Great info - Thanks Ken.. Has anyone told you that you remind them of Andy Garcia in that profile pic?  Right out of Ocean's Eleven or something.. Well if not, you have now... Thanks again for a great post.

Jul 21, 2010 10:55 AM
Faye Y. Taylor
StepStone Realty, LLC - Floresville, TX
Country Living with City Convenience -Wilson Co TX

Great information.  Thank you. 

Jul 21, 2010 12:42 PM
Lane Bailey
Century 21 Results Realty - Suwanee, GA
Realtor & Car Guy

Darn, I guess that means I'll never get that letter from you...  Are you committment-phobic? 

;^ ) 

Final inspection is tomorrow...

Jul 21, 2010 04:02 PM
Jeff Belonger
Social Media - Infinity Home Mortgage Company, Inc - Cherry Hill, NJ
The FHA Expert - FHA Loans - FHA mortgages - USDA loans - VA Loans

Ken... can you explain this again... lol  Seriously, excellent job...  In this statement, what you said, was spot on...

"A Commitment Letter requires a lender to completely underwrite a file with no property. It still takes hours of work if done properly and most lenders are not going to commit their underwriters, processors, set-up team, and the others to even looking at a file until there is a real deal on the table." 

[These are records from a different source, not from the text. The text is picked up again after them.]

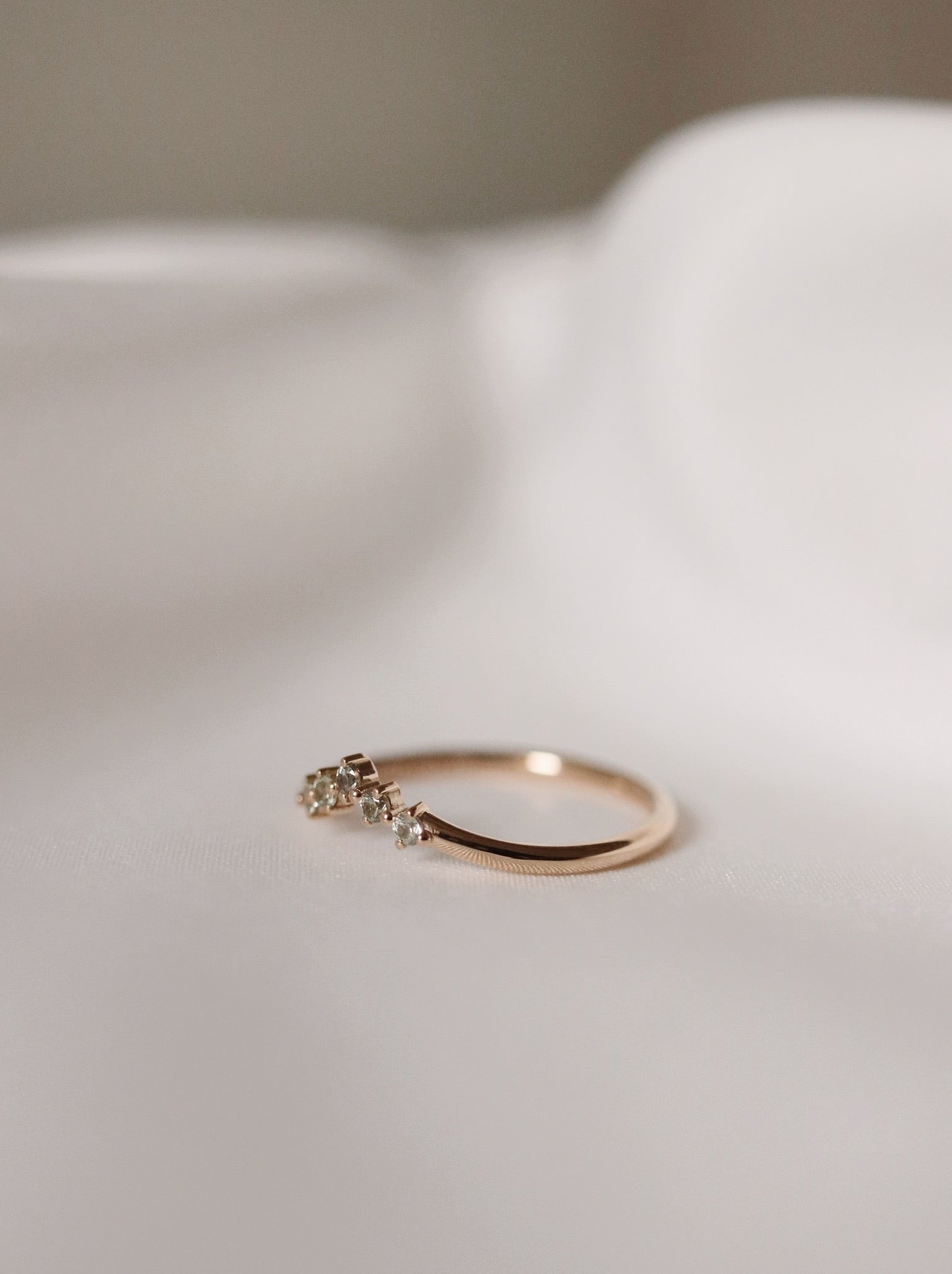 Många bär Five Diamond Triangle Ring ihop med Edith Ring eller Mini Elise Ring, medan andra bär den som avslut i en stack med raka ringar!
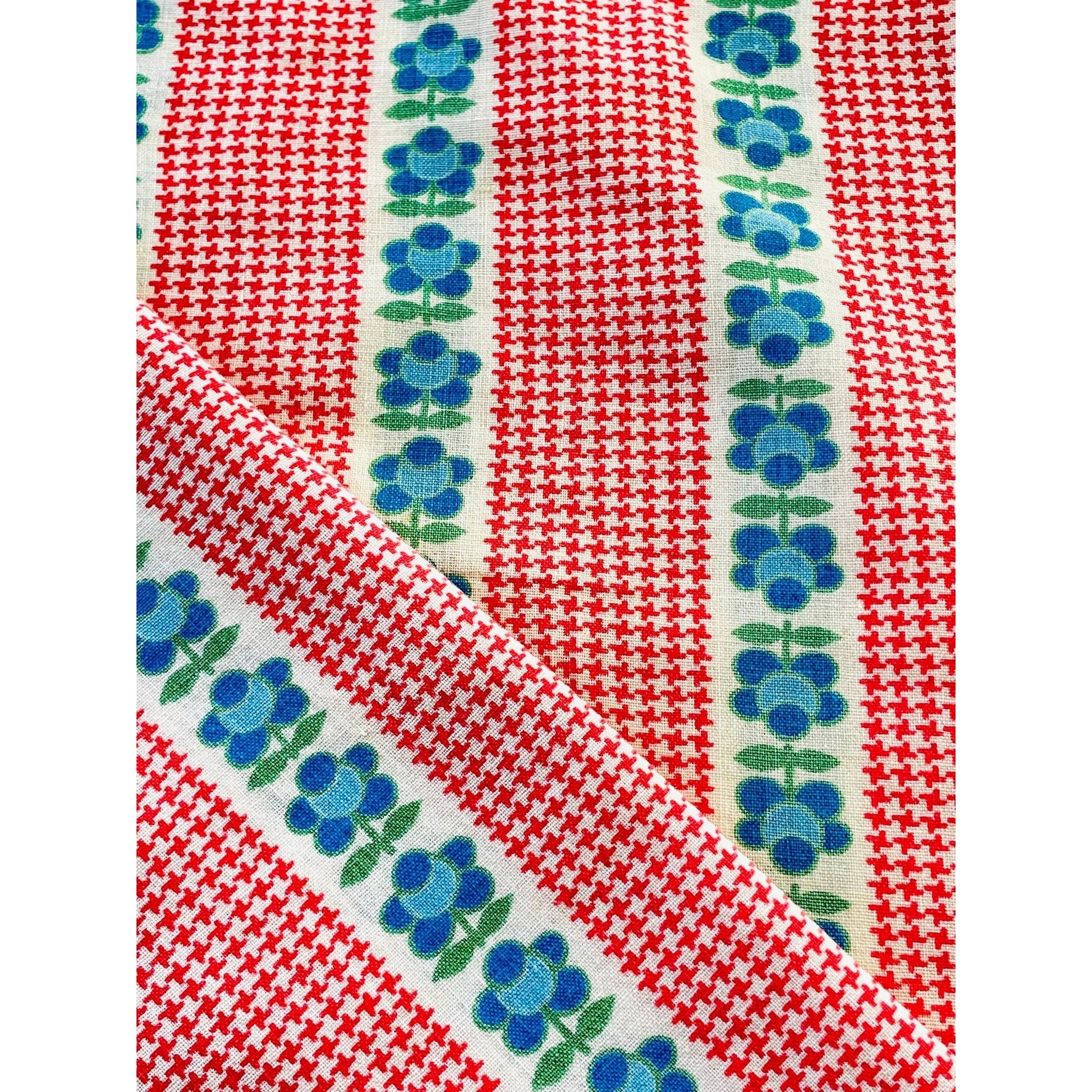 Adorable set of 80s pillowcases, red houndstooth with blue and green flowers
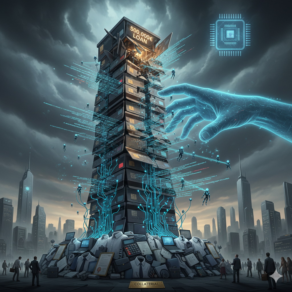 Dein bisheriger Marktwert von 120–180 Euro pro Stunde wird dadurch nicht komplett null, aber massiv entwertet. Dein Kredit basiert plötzlich auf einem Asset, dessen ökonomischer Wert innerhalb von Monaten dramatisch sinkt.

This is what ticks me off, because this is what so many think a pre-approval is. I still think pre-approval is a loose term. You could argue that it is fully underwritten, but then again, definitely that is what a commitment letter is, a commitment to lend. You did an excellent job with this one.  thanks for sharing.

jeff belonger

Jul 21, 2010 04:12 PM
Eleanor Thorne
Equity Resources - Cary, NC
Advantage Lending 919-649-5058

Perfect!  Great job explaining the process!

Jul 22, 2010 01:49 AM
Sylvia Barry
Coldwell Banker Previews International (#1 Marin_Sonoma_San Francisco_North_Bay) - San Rafael, CA
Marin and Sonoma Real Estate Leading Expert

Great job.  This is the 2nd one I read today and witih another one commenting on my reuse of the three level of loan applications - with link to FDIC site. 

And all I want to have is to explain to my clients on a high level why they need to get pre-approved and what they might expect.  Then I send them to mortgage brokers I trust! 

Great to learn about the different views and detailed explainations from the pros.